Вот задача, которую берут на себя и мир и война. Это составляет половину воспитания.

За одной из четырех стен струился ручеек, загрязненный кожевенными заводами. Тошнотворный запах просачивался в сырые классы, где, в свою очередь, распространяло зловоние загнанное туда стадо малышей. Их ноздри были, казалось, закупорены. Всего их было человек двенадцать, самое большее – двадцать; они корчились на жестких партах в желтом от копоти воздухе, проникавшем в комнату через зеленоватые оконные стекла со двора, где дымился туман поздней осени. Хрипела раскаленная добела чугунная печка (дрова имелись в изобилии); когда духота становилась нестерпимой, открывали дверь (окон не открывали никогда): в комнату врывался туман вместе с запахом кожи – кожи, которую дубят.

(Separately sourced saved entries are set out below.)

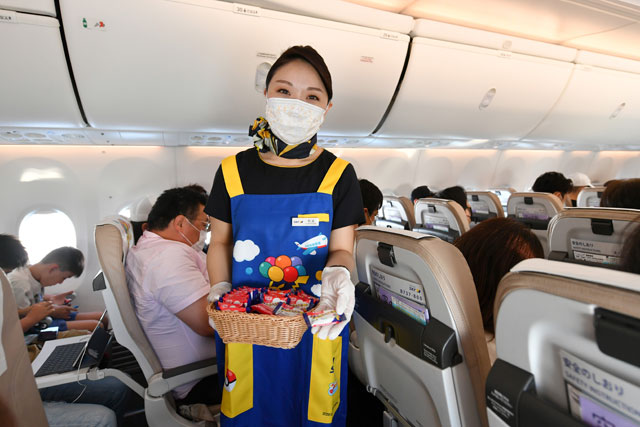 那覇へ向かうピカチュウジェットBC初便で機内サービスするスカイマークの客室乗務員=21年6月21日 PHOTO: Tadayuki YOSHIKAWA/Aviation Wire
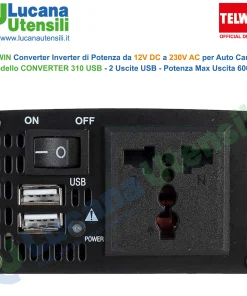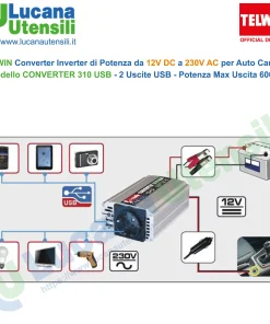 Collegato alla presa accendisigari del mezzo, converte la tensione a 12V della batteria a 230V.
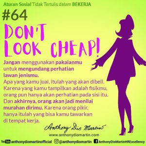 64. Don’t look cheap! Jangan menggunakan pakaianmu untuk mengundang perhatian lawan jenismu. Apa yang kamu jual, itulah yang akan dibeli. Karena yang kamu tampilkan adalah fisikmu, orang pun hanya akan perhatian pada sisi itu. Dan akhirnya, orang akan jadi menilai murahan dirimu. Karena orang pikir, hanya itulah yang bisa kamu tawarkan di tempat kerja.
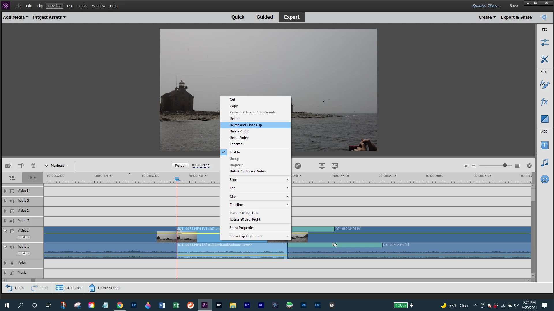 In the expert mode, if I create a clip in the middle of my timeline, then right click it, Delete and Close Gap is not an option, so I choose Delete. That leaves a gap which I then have to right click, at which time I can Delete and Close Gap.
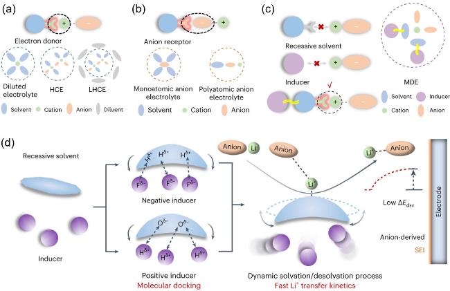 图3 显性和隐性溶剂化示意图. 基于电子给体的典型溶剂化壳结构(a)和阴离子受体(b), 两者溶剂化过程都会自发解离锂盐并参与溶剂化鞘的形成; 隐性溶剂和诱导剂的相互作用导致了隐形溶剂化(c); 通过分子对接激活隐性溶剂的机制(d)[35]Figure 3 Schematic of dominant and recessive solvation. Typical solvation shell structures based on the electron donor (a) and anion receptor (b), both of which spontaneously dissociate the salt and participate in the formation of the solvation sheath; recessive solvation enabled by the interacted recessive solvent and inducer (c); activation of the recessive solvent via molecular docking mechanism (d). Reprinted with permission from Ref.[35]. Copyright 2024, Springer Nature |
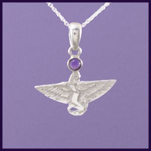 The Isis necklace is a sterling silver pendant of the Ancient Egyptian depiction of the goddess Isis with an amethyst cabouchon on a 925 silver chain.
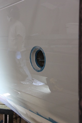 Friday the 25th , after the yard team had left, was our first top coat day. The 545 primer had been sanded back with 280 grit, the waterline taped on, and the shed cleaned in readiness. Two three-person teams took two hours to complete the first coat; one tack ragging and spotting, one rolling and one tipping. Saturday we sanded with 320 grit and then Sunday we applied the final coat.
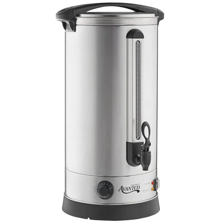 For easy hot beverage service, this Avantco water boiler has a stainless steel tank that heats and holds up to 29 liters or 7.6 gallons of hot water with a variable temperature control between 80 and 212 degrees Fahrenheit. It features a double-wall stainless steel body with a 2-way, non-drip spigot and can boil water in 93 minutes. Ideal for catering events, hotels, offices, churches, and schools, this Avantco water boiler is an ideal addition to a complete beverage service. Please note that a 120V connection is required for operation.
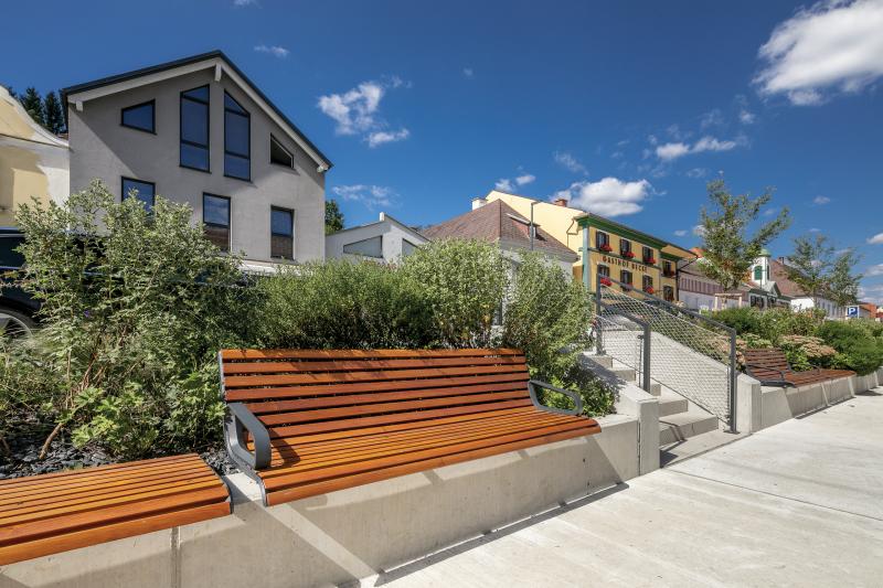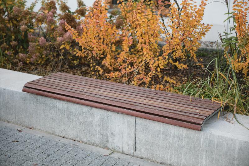 Sedalna površina in hrbtni naslon iz lesenih letev.

После запаха живой кожи его находили освежающим.

Но женщина, как бы она ни привыкла к изысканной обстановке, к здоровому аромату чистоты, легче мужчины умеет притерпеться к самым ужасным условиям. Это особенно заметно у постели больного: ее глазам, ее пальцам неведомо отвращение. Обоняние Аннеты покорилось необходимости. Она, как и другие, вдыхала, не морщась, запахи этой норы. Притерпеться к запаху душ было труднее. Ее ум был не так уступчив, как чувства.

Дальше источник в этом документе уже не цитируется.